What Is the Mean and Standard Deviation of the Above Sample?

What Is the Mean and Standard Deviation of the Above Sample?

Scores from Exam 1:

41 59 10 71 0 45 57 49 78 64 62 12 89 71 52 68 84 65 90 69 31 55 63 20 64 52 80 51 45 95 32 97 76 54 41 82 60

What is the mean and standard deviation of the above sample?

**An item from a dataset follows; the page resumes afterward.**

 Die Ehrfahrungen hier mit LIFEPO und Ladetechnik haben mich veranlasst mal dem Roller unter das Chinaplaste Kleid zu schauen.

If we assume performance is a bell-shape curve:

If A’s should have a z-score of at least 1.25 (top 10%), what score would be the cut-off for an A?

If B’s should have a z-score of at least .25 (top 30%), what score would be the cut-off for a B?

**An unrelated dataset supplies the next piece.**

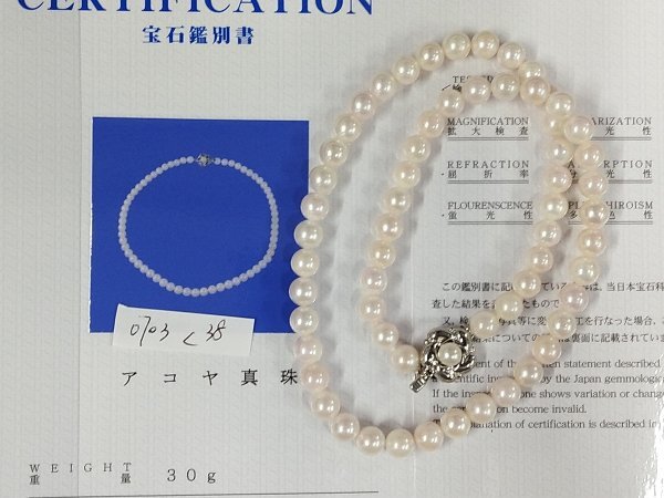 - 0703L38 本真珠 あこや ネックレス 宝石鑑別書付 約30g
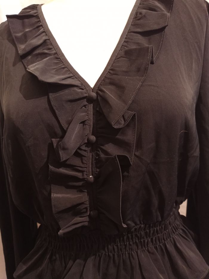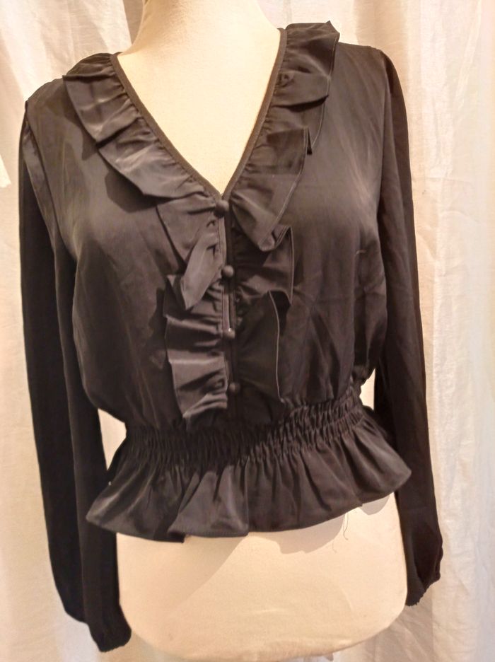 porté une fois pour une soirée rouge et noir encolure en V avec revers volant autour 4 boutons devant smocks avant petit volant dans le bas largeur épaule 39 largeur poitrine 49 longueur manches 64 avec poignets élastiqués longueur total 50

If C’s should have a z-score of at least -.25 (above bottom 30%), what would be the cut-off?

Location of the k percentile: L = k * n

(where if you’re looking for the top 10%, k = .1)

(note, we use this formula for the first and third quartile with k = .25 and .75)

Class Curve:

Top 10% (90th percentile) of class gets an A, what’s the position in the above the lowest A?

Top 30% (to 10%, the 70th percentile) gets a B, what’s the position in the above of the lowest B?

Middle 40% gets a C (30th percentile to 70th percentile), what’s the position in the above of the lowest C?

Year / Poverty% / Unemp% / Predicted Y () / Residual
1980 / 13 / 7.6
1985 / 14 / 7.4
1990 / 13.5 / 5.2
1992 / 14.8 / 7.8
1995 / 13.8 / 5.6
1998 / 12.7 / 4.5
2000 / 11.3 / 4
2002 / 12.1 / 5.8
2005 / 12.6 / 5
2007 / 12.5 / 4.6
2009 / 14.3 / 9.5

Regress the Poverty Rate (Y) on the Unemployment Rate (X)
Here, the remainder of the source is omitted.